Work request :: The entries that follow should come back exactly, with no pictures among them.

Material provided ::
◆ ◆ ◆
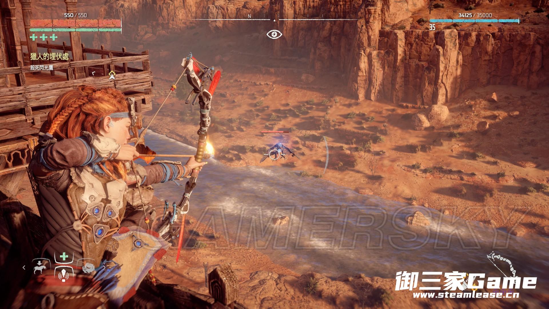 上游山谷内亚萝伊发现成群的牙口兽残骸,难怪会聚集来如此多的闪光鹰,使用Focus标记出牙口兽猎人留下的足迹,攀爬点爬上去往山谷里面走。
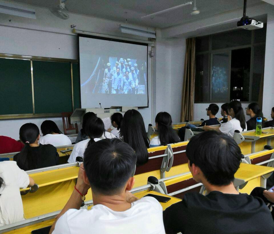 2019年5月15日晚,在教学楼301教室,学院“习近平新时代中国特色社会主义思想”大学生读书社全体成员观看了纪念红军长征胜利80周年影片《大会师》。思政部负责人邱海松老师到场组织指导。
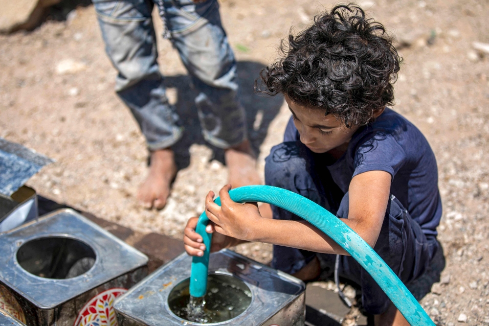 In this picture taken on June 8, 2023, a boy fills up a canister with water from a tanker truck on the outskirts of Yemen's third city of Taez. (Photo by Ahmad Al-Basha / AFP)
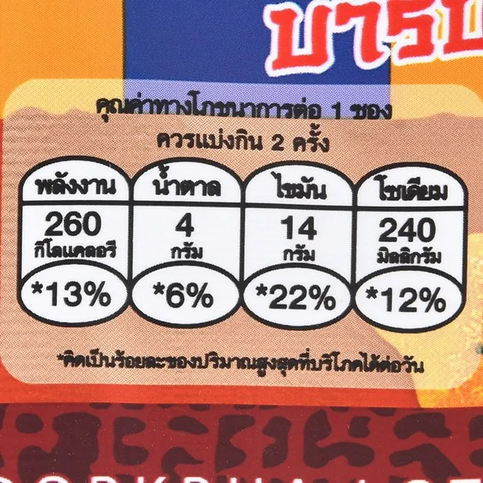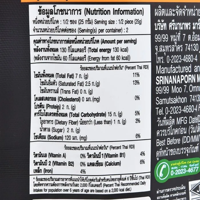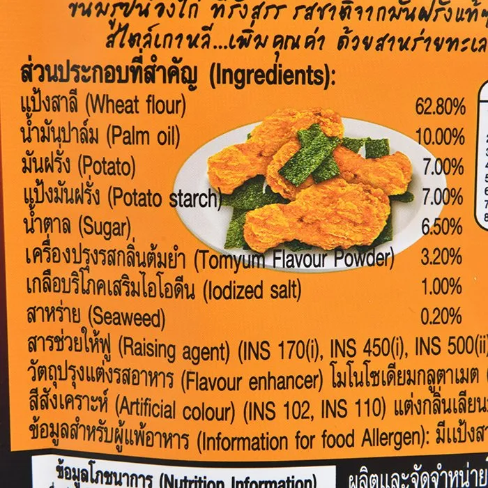 - แป้งสาลี 71.84% น้ำตาล 16% น้ำมันปาล์ม 10% เกลือ 2% พริกไทย 0.16%<br />
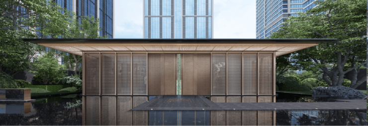 山河颂建筑立面线条采用直线勾勒传承苏式韵味,采用高品质公建化立面,现代风格,选用银白色铝板搭配超白low-E玻璃,在整个苏州都是独一无二极具有昭示性!
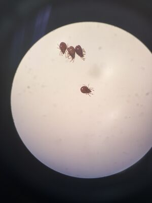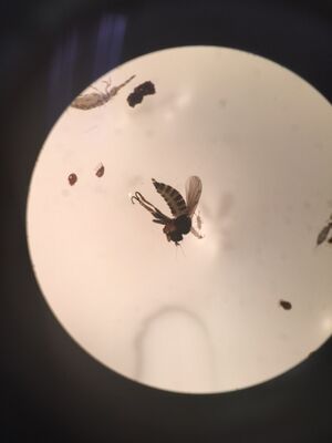 1. The insects from the Burlese funnel were collected and placed in a petri dish. This dish was then viewed under the dissecting microscope.
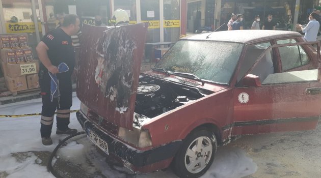 Otomobilde maddi hasar oluşurken yangının benzin hortumunun patlaması sonucu çıktığı öğrenildi.
◆ ◆ ◆
Written response ::
 上游山谷内亚萝伊发现成群的牙口兽残骸,难怪会聚集来如此多的闪光鹰,使用Focus标记出牙口兽猎人留下的足迹,攀爬点爬上去往山谷里面走。
 2019年5月15日晚,在教学楼301教室,学院“习近平新时代中国特色社会主义思想”大学生读书社全体成员观看了纪念红军长征胜利80周年影片《大会师》。思政部负责人邱海松老师到场组织指导。
 In this picture taken on June 8, 2023, a boy fills up a canister with water from a tanker truck on the outskirts of Yemen's third city of Taez. (Photo by Ahmad Al-Basha / AFP)
 - แป้งสาลี 71.84% น้ำตาล 16% น้ำมันปาล์ม 10% เกลือ 2% พริกไทย 0.16%<br />
 山河颂建筑立面线条采用直线勾勒传承苏式韵味,采用高品质公建化立面,现代风格,选用银白色铝板搭配超白low-E玻璃,在整个苏州都是独一无二极具有昭示性!
 1. The insects from the Burlese funnel were collected and placed in a petri dish. This dish was then viewed under the dissecting microscope.
 Otomobilde maddi hasar oluşurken yangının benzin hortumunun patlaması sonucu çıktığı öğrenildi.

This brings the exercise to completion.